Before I start, I just want you to know that I’ve read all the previous threads regarding this but still my problem persists. So, I’ve implemented a custom loss function that looks like this:
def Cosine(output, target):
'''
Custom loss function with 2 losses:
- loss_1: penalizes the area out of the unit circle
- loss_2: 0 if output = target
Inputs
output: predicted phases
target: true phases
'''
# Penalize if output is out of the unit circle
squares = output ** 2 # (x ^ 2, y ^ 2)
loss_1 = ((squares[:, ::2] + squares[:, 1::2]) - 1) ** 2 # (x ^ 2 + y ^ 2 - 1) ** 2
# Compute the second loss, 1 - cos
loss_2 = 1. - torch.cos(torch.atan2(output[:, 1::2], output[:, ::2]) - target)
return torch.mean(loss_1 + loss_2)
I’ve tried the following to debug my model:
for epoch in range(self.num_epochs):
# Train
network.train() # keep grads
print('\nEpoch {}'.format(epoch+1))
print('\nTrain:\n')
a = list(network.parameters())[0].clone()
for batch_idx, (images, labels) in enumerate(Bar(loaders['train'])):
images, labels = images.to(self.device, dtype=torch.float), labels.to(self.device, dtype=torch.float) # labels is a tensor of (512, 128) values if we use MyVgg
optimizer.zero_grad()
preds = network(images)
loss = self.criterion(preds, labels)
loss.backward()
optimizer.step()
b = list(network.parameters())[0].clone()

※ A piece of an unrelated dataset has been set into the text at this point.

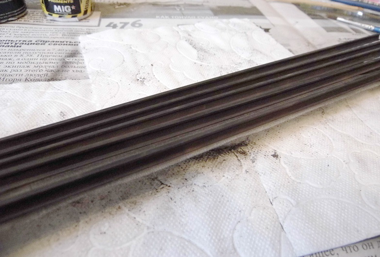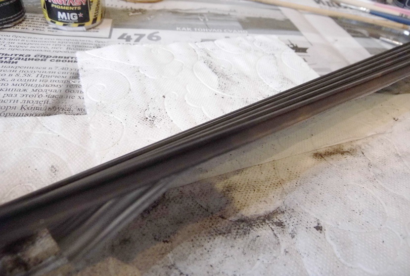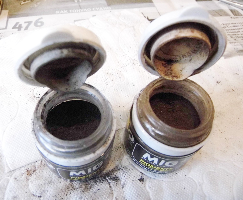 После того, как покрасил рельсы черным матовым акрилом от Тамии нанес по всей длине пигменты. Вот основные тона...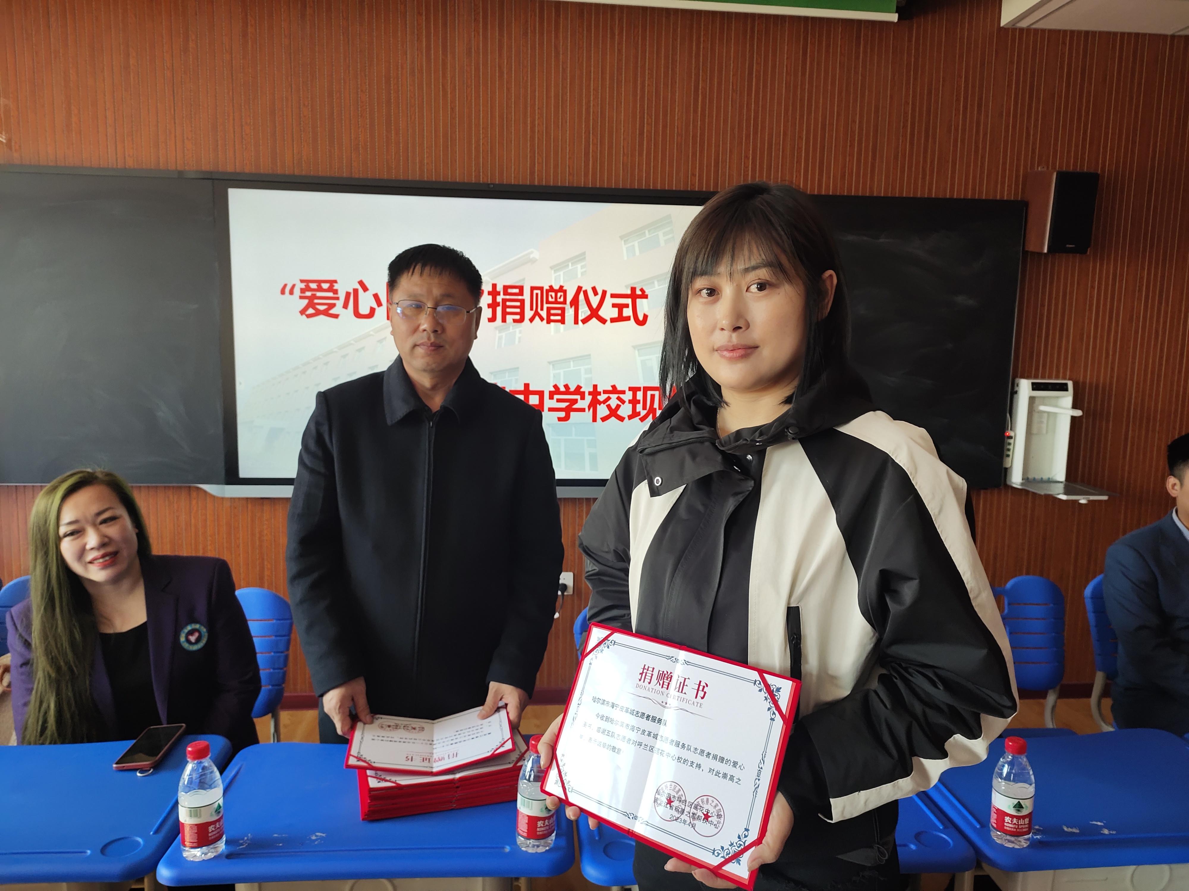 蓮花中心校校長孫洪斌在捐書儀式上做了誠摯的發(fā)言,承諾會(huì)好好利用這些書,給孩子們營造一個(gè)良好的讀書氛圍,讓孩子們真正體會(huì)到讀書的重要性以及讀書所帶來的益處。

print(torch.equal(a.data, b.data)) # This prints always true
# Validation
print('\nValid:\n')
network.eval() # skips dropout and batch_norm
with torch.no_grad():
for batch_idx, (images, labels) in enumerate(Bar(loaders['valid'])):
images, labels = images.to(self.device, dtype=torch.float), labels.to(self.device,
dtype=torch.float)
preds = network(images)
loss = self.criterion(preds, labels)
if self.lr_scheduler:
scheduler.step(loss) # update lr_scheduler
Wherever I try to print list(self.network.parameters())[0].grad is None)
I always get True. Also, model.parameters()
are always the same and don’t change. Model prediction, true labels, loss functions are all as I expected, but the backprop doesn’t seem to work.
Printing the loss gives me this:
tensor(1.0463, device='cuda:0', grad_fn=<MeanBackward0>)